Base class for all loss scales.
tf.mixed_precision.experimental.LossScale()
This is an abstract base class, so you cannot instantiate it directly. Instead, use one of its concrete subclasses:
tf.mixed_precision.experimental.DynamicLossScale
(recommended)tf.mixed_precision.experimental.FixedLossScale
It's recommended to use a loss scale with a tf.keras.mixed_precision.experimental.LossScaleOptimizer
, as its easier than using a loss scale directly.
Loss scaling is a process that multiplies the loss by a multiplier called the loss scale, and divides each gradient by the same multiplier. The pseudocode for this process is:
loss = ... loss *= loss_scale grads = gradients(loss, vars) grads /= loss_scale
Mathematically, loss scaling has no effect, but can help avoid numerical underflow in intermediate gradients when float16 tensors are used for mixed precision training. By multiplying the loss, each intermediate gradient will have the same multiplier applied.
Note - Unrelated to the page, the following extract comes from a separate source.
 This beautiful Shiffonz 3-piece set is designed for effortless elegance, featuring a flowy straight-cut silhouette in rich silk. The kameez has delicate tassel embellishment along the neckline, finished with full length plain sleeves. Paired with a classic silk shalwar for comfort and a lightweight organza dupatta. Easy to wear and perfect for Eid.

Instances of this class represent a loss scale. Calling instances of this class returns the loss scale as a scalar float32 tensor, while method update()
updates the loss scale depending on the values of the gradients. Optimizers use instances of this class to scale loss and gradients.
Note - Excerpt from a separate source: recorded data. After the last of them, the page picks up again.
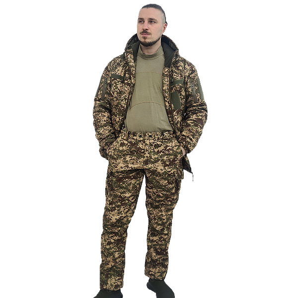 Колір - це ретельно підібраний мікс відтінків бежевого, пісочного, зеленого та темно-коричневих піксельних плям різних розмірів. Це сучасна українська розробка камуфляжу.
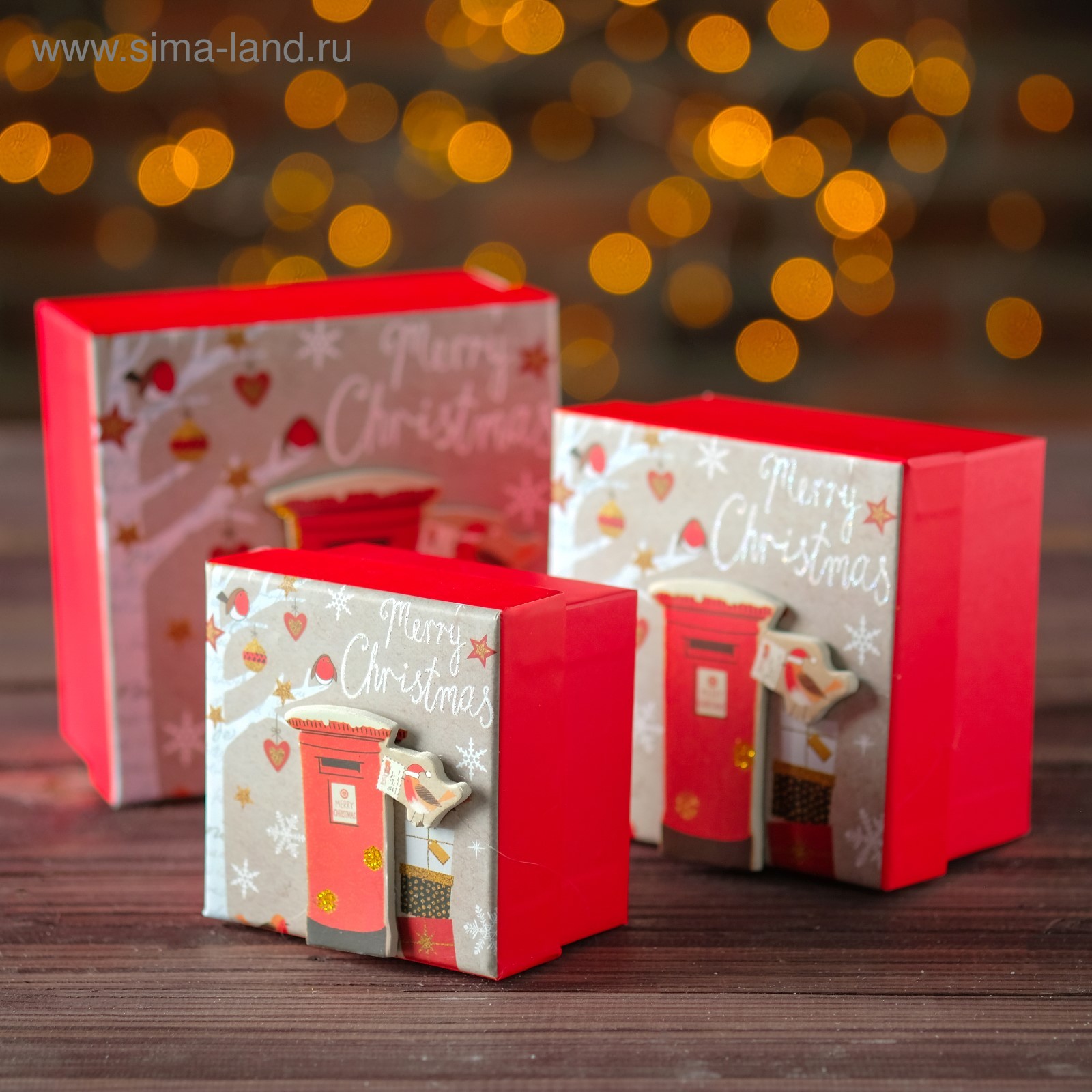 Наборк коробок 3 в 1 «С рождеством!», 13 х 13 х 8 – 9 х 9 х 6 см 4384968
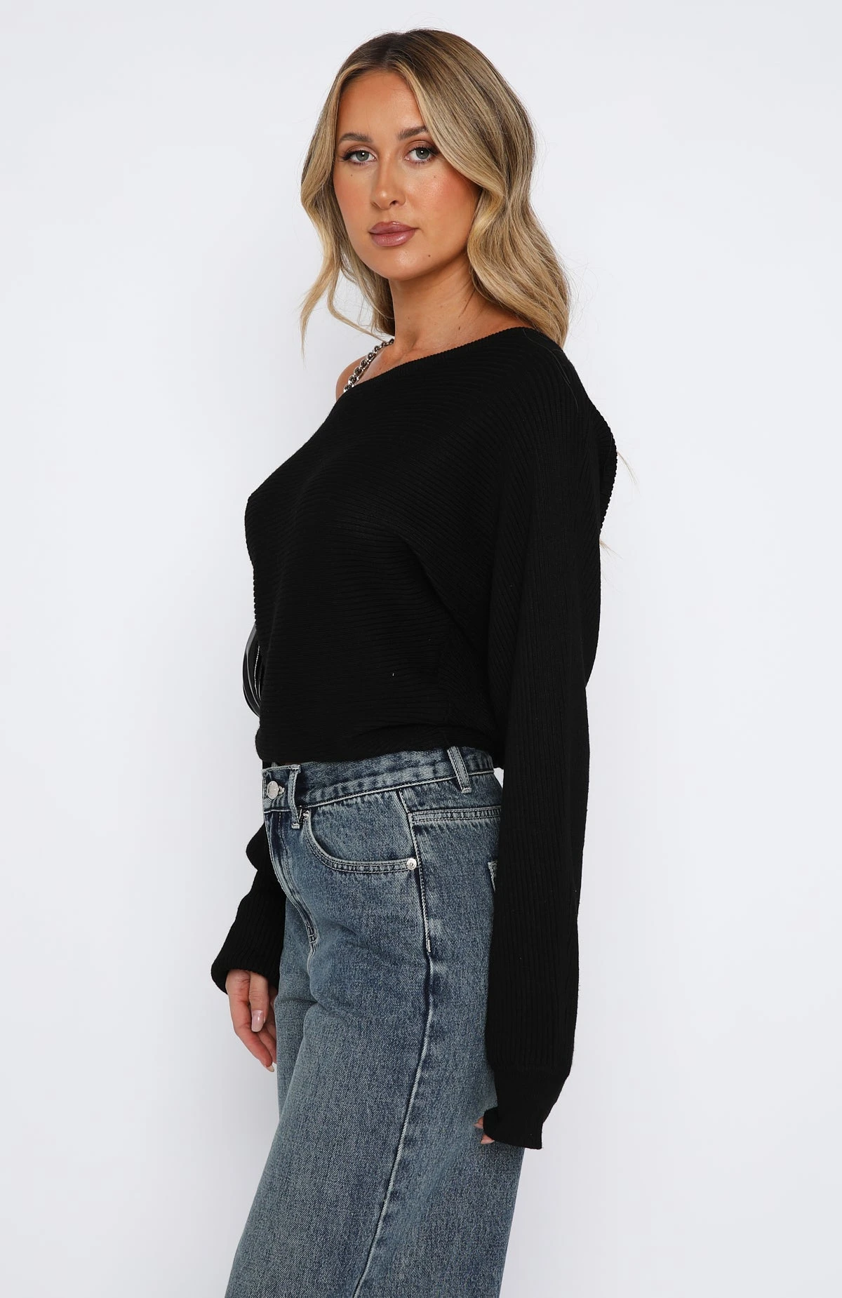 We are in love with this cosy sweater for your new season look. The Cover Me Up Sweater Black features a ribbed fabric, wide neckline, designed to sit just off the shoulder, ribbed cuffs, thick, stretch fabric and an oversized fit. Wear with wide-leg bottoms and slides to complete the look.

In most functions that accept a LossScale, you can also pass an int (such as
8) to create a FixedLossScale
or the string "dynamic"
to create a dynamic loss scale.
from_config
@classmethod from_config( config )
Creates the LossScale from its config.
get_config
@abc.abstractmethod get_config()
Returns the config of this loss scale.
update
@abc.abstractmethod update( grads )
Updates the value of the loss scale.
The loss scale will be potentially updated, based on the value of grads
. The tensor returned by calling this class is only updated when this function is evaluated.
In eager mode, this directly updates the loss scale, so that calling __call__
will return the newly updated loss scale. In graph mode, this returns an op that, when evaluated, updates the loss scale.
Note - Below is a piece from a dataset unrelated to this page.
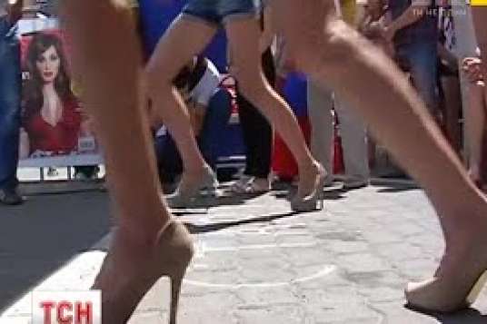 У Львові майже півтори сотні дівчат бігли стометрівку на високих підборах. Головна умова участі у кросі - підбори мінімум дев’ять сантиметрів. Приз – подорож до Нью-Йорку. Перед початком забігу його учасниці приклеювали взуття скетчем, а організатори перевіряли висоту підборів. До фінішу дістались не усі, дівчата губили туфлі і падали. Випуск ТСН.19:30 за 4 липня 2015 року
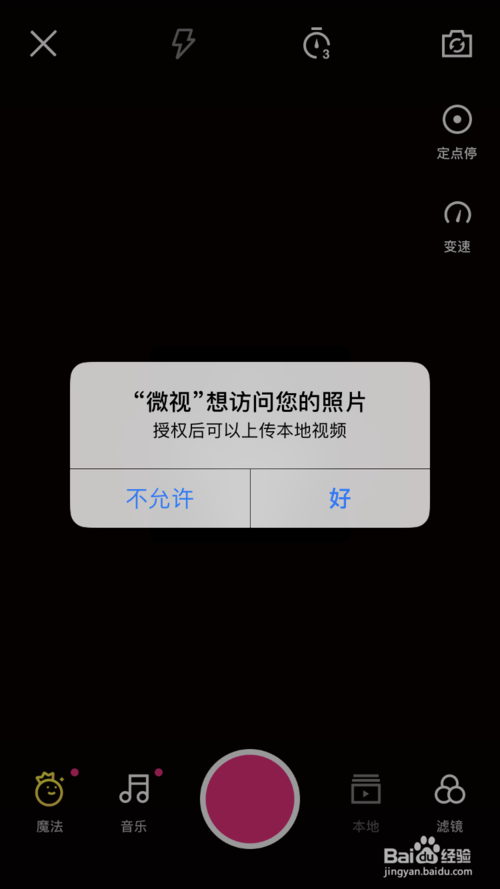再回到主頁上,點一下發(fā)布的小照相鍵。微視會要求我們把照片的授權(quán)給了,給完之后我們就可以在這里發(fā)視頻了。

This function also returns a should_apply_gradients
bool. If False, gradients should not be applied to the variables that step, as nonfinite gradients were found, and the loss scale has been be updated to reduce the chance of finding nonfinite gradients in the next step. Some loss scale classes will always return True, as they cannot adjust themselves in response to nonfinite gradients.
When a DistributionStrategy is used, this function may only be called in a cross-replica context.
Args | |
---|---|
grads | A nested structure of unscaled gradients, each which is the gradient of the loss with respect to a weight. The gradients should have already been divided by the loss scale being before passed to this function. 'None' gradients are accepted, and are ignored. |
Returns | |
---|---|
update_op | In eager mode, None. In graph mode, an op to update the loss scale. |
should_apply_gradients | Either a bool or a scalar boolean tensor. If False, the caller should skip applying grads to the variables this step. |
__call__
@abc.abstractmethod __call__()
Returns the current loss scale as a scalar float32
tensor.
© 2020 The TensorFlow Authors. All rights reserved.
Licensed under the Creative Commons Attribution License 3.0.
Code samples licensed under the Apache 2.0 License.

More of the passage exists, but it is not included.